Stop Howard's march to war

January 22, 2003
Issue 

BY ALISON DELLIT

Australia's Prime Minister John Howard has to be the only person in Australia prepared to argue that the government has not yet decided to participate in a war on Iraq.

While Howard keeps right on claiming that "no decision has been made" to commit Australia to a war on Iraq, another two fighter planes have left to join the 600 Australian navy and air force personnel already in the Persian Gulf. This will increase to more than 1500 defence force personnel in the next few weeks.

Howard has said this "forward deployment" will be on the same scale as the Australian military participation in the 2001 war against Afghanistan. However, unlike in that war, Australia will be contributing a fleet of 14 FA-18 fighter jets, as well as the two spy aircraft that departed for the Gulf on January 15. Another ship will join the two ships already policing the US blockade of Iraq.

As expected, the Australian troop commitment is "niche" — a polite way of saying token — but still politically important. Australia is one of just three countries to openly send troops to the area around Iraq. It joins Britain and the USA: the same three countries that Thomas Friedman described as the "new NATO" in a November 13 column in the New York Times.

Amazingly, Howard has been claiming to be a man of peace. "I haven't lost hope", he told A Current Affair's Tracy Grimshaw on January 10. "The last thing I want is a military conflict, but in the end, the world may have no alternative."

But this is just a lie. War on Iraq is completely avoidable.

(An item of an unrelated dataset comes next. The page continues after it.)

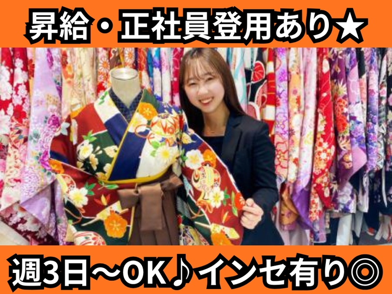 仕事内容 ✅主婦さん・フリーター活躍中! ∟お仕事復帰応援!ブランクもOK ✅新上限「年間123万円以内」での調整可 ∟扶養控除内に収まるよう勤務調整可能 ✅週3日〜勤務OK ∟「週休4日」や「週休3日」も叶う ✅駅チカで通勤楽々♪交通費規定支給 ∟JR茨木駅より徒歩5分 ✅研修・マニュアル・サポート体制充実! ∟在職中のスタッフの9割が未経験スタート …などなど 働きやすさとメリット満載の職場です! ・・・・・・・・・・・・・・・・・・・・・・・・・・・・・・・・・・・・・・・ ✨京都さがの館とは…  ̄ ̄V ̄ ̄ ̄ ̄ ̄ ̄ ̄ ̄ 京都さがの館では人生の節目や特別な日を 迎えるお客様にぴったりの和装を提案し、 レンタルから販売まで行っています。 ✨お任せする業務内容  ̄ ̄V ̄ ̄ ̄ ̄ ̄ ̄ ̄ ̄ *お客様の窓口受付 (来店受付、電話応対、メール対応等) *予約プランの確認、事務作業 (書類の作成、コピー、契約内容の確認) *着付けの準備のお手伝い (コーディネート提案、相談含む接客) *お会計 *店舗清掃など 卒業式・成人式という「一生に一度」の イベントに立ち会える特別なお仕事です。 お客様が晴れ姿になるまでのワクワクを、 あなたがサポートしてみませんか? ・・・・・・・・・・・・・・・・・・・・・・・・・・・・・・・・・・・・・・・ ✨9割以上が未経験スタート  ̄ ̄V ̄ ̄ ̄ ̄ ̄ ̄ ̄ ̄ ̄ ̄ ̄ マニュアルや研修が充実! まずは簡単なお仕事からお願いします <充実の研修をご用意>――――――――― 着付けの基本/着物の構造について (長襦袢、帯、帯揚げ、帯締めなど) メンテナンス・管理方法(着物の畳み方等) ―――――――――――――――――――― 仕事を通じて自然と覚えていただけます。 ・・・・・・・・・・・・・・・・・・・・・・・・・・・・・・・・・・・・・・・ ✨こんな働き方が可能です  ̄ ̄V ̄ ̄ ̄ ̄ ̄ ̄ ̄ ̄ ̄ ̄ 「週の半分くらいの勤務がいいな」 ▼ 土日含む週3日~勤務OK! 勤務曜日の固定も可能です。 「日曜日は保育園がお休みなので、 土曜日なら出勤できます!」などの ご事情も配慮◎ 「働く日はしっかり集中して働きたい」 ▼ 基本的には1日8時間のフルタイム勤務を お願いしていますが、 「扶養控除内に収めたい!」 「扶養の上限ギリギリで調整したい!」 のご要望にもお応えいたします♪ 扶養内に収めるために… ⭐1日1時間程度短い勤務OK(実働7時間) ⭐上限内での勤務日数・勤務時間調整 お気軽にご相談ください ・・・・・・・・・・・・・・・・・・・・・・・・・・・・・・・・・・・・・・・ ✨職場の雰囲気  ̄ ̄V ̄ ̄ ̄ ̄ ̄ ̄ ̄ ̄ ̄ ̄ 子育てが落ち着いた40代の 主婦スタッフさんや、未就学児の育児に 奮闘中の30代ママさんスタッフが活躍中! 結婚から子育てのブランクを経て 活躍されている方が多いので 家事・育児と仕事の両立に 理解のある職場です♪ 最近では20代の女性フリーターさんも 入社してくれました♪ ・・・・・・・・・・・・・・・・・・・・・・・・・・・・・・・・・・・・・・・ ⏩会社について⏩ 京都さがの館を運営する「株式会社京繊」は 明治33年創業と120年もの歴史を誇ります。 近年は有名芸能人や インフルエンサーを広告塔に起用したり、 大規模ファッションショーへの参加など、 和装業界のイメージを一新する メディアマーケティングを展開中です。 ・・・・・・・・・・・・・・・・・・・・・・・・・・・・・・・・・・・・・・・

There is no evidence that Iraq has weapons of mass destruction — even after more than 380 inspections the UN weapons inspectors have failed to find any. Iraqi officials have bent over backwards to assist the inspectors so as to prove that they have no such weapons.

If Iraq had them, there is little likelihood that it would use such weapons against a neighbouring state knowing the consequences involved. Certainly, there is no chance that Saddam Hussein would use them against the US or Australia. The US has failed to produce evidence that Iraq supported the attack on the World Trade Center in September 2001.

There are half a million reasons to oppose Howard's war: that is how many Iraqi civilians are likely to be killed or injured in the planned US attack — just so the US can set up a puppet dictator of its own to replace Saddam Hussein and take control of the second largest oil reserves on the planet.

Howard's close support for Bush's war is nothing more than joining the bullying kid in the playground. As a junior partner of the US in exploitation of the Third World, Australia's business elite wants to support the US in imposing its military, political and economic might on the entire globe. Howard wants to assure Washington that he is fundamentally on Bush's side so that the Australian ruling class can share the benefits of US domination of the world's key energy supplies.

Anti-war sentiment strong

Australian newspapers, particularly those in the pro-war stable owned by Rupert Murdoch, have started to plaster pictures, of stoic soldiers holding small children, liberally across their pages. There have been few pictures of, and even less comment about, the small Iraqi children whom these soldiers are being sent to help kill.

An ACNeilson poll published in the Sydney Morning Herald on January 18 showed that: 6% of Australians supported Australian involvement in a war on Iraq without endorsement, 62% believed Australia should only be involved in a war backed by the UN and 30% opposed Australian any involement.

"When campaigning against the war in [the Sydney suburbs of] Balmain and Rozelle, the response is overwhelming", Leichhardt Anti-War Group campaigner Paul Benedek told Green Left Weekly. "People are queuing up to sign petitions and make banners. Many people have told me that they have never been involved in political protest before, but now they want to take a stand."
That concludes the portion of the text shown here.